If you only want sections from scan_data() that does not produce plots, I think scan_data(data, sections = "OVS") would do it. If you do want plots for correlations, missing variables, etc., I'd look into whether you can collapse or pivot-longer some of the columns that you have.

rich-iannone commented 9 months ago

I think it might be good here to introduce a limit (maybe 10?) on the number of columns used in these parts of the scan data report. This will at least make the function work w/o failing on the default options. On top of this, it would be useful to have a columns arg of some sort that allows the user to choose what's being used in these reporting parts.

The eventual goal, I think, is to have these report sections become a bit more scalable with larger amounts of data (perhaps using gt to arrange things, so you'd get scrolling and not these very tiny subplots).
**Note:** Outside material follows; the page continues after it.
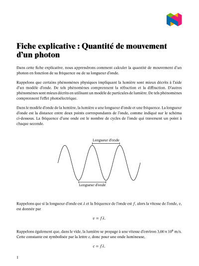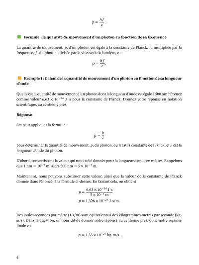 Dans cette leçon, nous allons apprendre comment calculer la quantité de mouvement d'un photon étant donné sa fréquence ou sa longueur d'onde.

SpikyClip commented 7 months ago

Anyone find any workaround for this, or a way to supply the limitsize arg?

I think it would be really useful for a tool like scan_data to be able to handle more columns, as those are the scenarios where its useful to have a script break down what columns contain useful/sparse information, so you can then subset datasets.

yjunechoe commented 7 months ago

@SpikyClip Thanks for this perspective - it's helpful to know that scan_data() is useful for determining the importance of variables prior to subsetting.

As Rich mentioned above, scan_data() will need some rework to accommodate larger data frames because currently some sections of the report (like the matrix plot) do not scale well with many columns. For now, scan_data(data, sections = "OVS") is a workaround to only render the sections of the report that easily handles many columns.

We could patch in a workaround for letting users supply the limitsize argument, but the fundamental challenge seems to run deeper. (Toggling limitsize off would make the error go away but your report could end up a huge self-contained html in hundreds of megabytes).

Happy to hear any suggestions on this!

SpikyClip commented 7 months ago

We could patch in a workaround for letting users supply the limitsize argument, but the fundamental challenge seems to run deeper. (Toggling limitsize off would make the error go away but your report could end up a huge self-contained html in hundreds of megabytes).

I see, that makes sense. What if, past a certain arbitrary number of columns, it renders the plot data as a filterable data table rather than a plot? Would still allow the user to view the key information if necessary (e.g. which columns have the most NA values, which columns correlate the most), and it'll hopefully catch the ggsave error. I don't think(?) the underlying tables would take up too much space but it may require testing.